General information
- Location: Biral, Dinajpur Bangladesh
- Coordinates: 25°37′56″N 88°33′05″E﻿ / ﻿25.6323°N 88.5513°E
- Line: Parbatipur–Panchagarh line

Construction
- Structure type: Standard (on ground station)

Other information
- Status: Functioning

History
- Opened: 1879
- Former names: Assam-Behar State Railway

= Biral railway station =

Railway station in Dinajpur District, Bangladesh

Biral railway station (বিরল রেলওয়ে স্টেশন) is a border railway station in Bangladesh, situated in Dinajpur District, in Rangpur Division. It is a defunct railway transit point on the Bangladesh-India border and is an India-Bangladesh land border checkpoint.

==History==
Assam Behar State Railway extended the metre gauge railway from Parbatipur to Katihar, now in Bihar, India, in 1889.

==Biral-Radhikapur transit point==
It was a defunct rail transit point on the Bangladesh-India border. The corresponding station on the Indian side is Radhikapur railway station in Uttar Dinajpur district, West Bengal. The transit facility in the Biral-Radhikapur sector had remained suspended since 1 April 2005. The railway track on the Indian side has been converted to broad gauge while that on the Bangladesh side remained metre gauge.

The Radhikapur-Birol rail link was put back in operation in April 2017.

As per the Memorandum of Understanding entered into by Bangladesh and India on 15 August 1978 it was agreed to facilitate overland transit traffic between Bangladesh and Nepal. An addendum was made on 6 September 2011, to add new rail routes for facilitating overland transit traffic between Bangladesh and Nepal. The addendum read:
"1."Traffic in Transit” to/from Nepal and Bangladesh shall move through Indian territory by rail using Singhabad Railway station in India and Rohanpur Railway station in Bangladesh with their existing facilities. To ensure expeditious and smooth flow of such movement, necessary infrastructural facilities shall be provided by the two Parties within their respective territories.
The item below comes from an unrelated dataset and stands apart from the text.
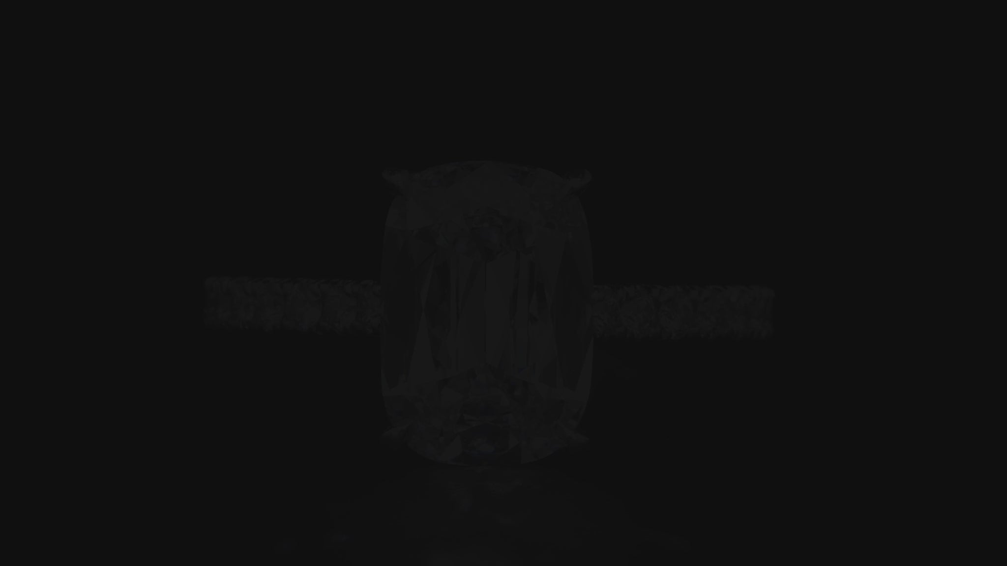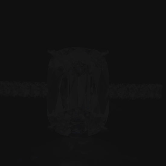 A stunning elongated cushion brilliant-cut diamond adorned by pave diamonds, crafted in platinum.

"2.The existing rail route through Radhikapur Railway station in India and Birol Railway station in Bangladesh which has been suspended shall be brought into operation by converting Bangladesh portion into broad gauge. In this case, both the routes (proposed and the existing) shall be used for Nepal Transit Traffic by rail for additional operating convenience."

Bangladesh started export of fertilizer to Nepal utilizing the Rohanpur-Singhabad transit point in November 2011.

==Track conversions==
The Parbatipur-Panchagarh and Kanchan-Biral lines are being developed as dual gauge tracks. The 9 km long track from Biral to the Bangladesh-India border is being converted to broad gauge at a cost of Tk 9.81 billion by the Western Zone of Bangladesh Railway.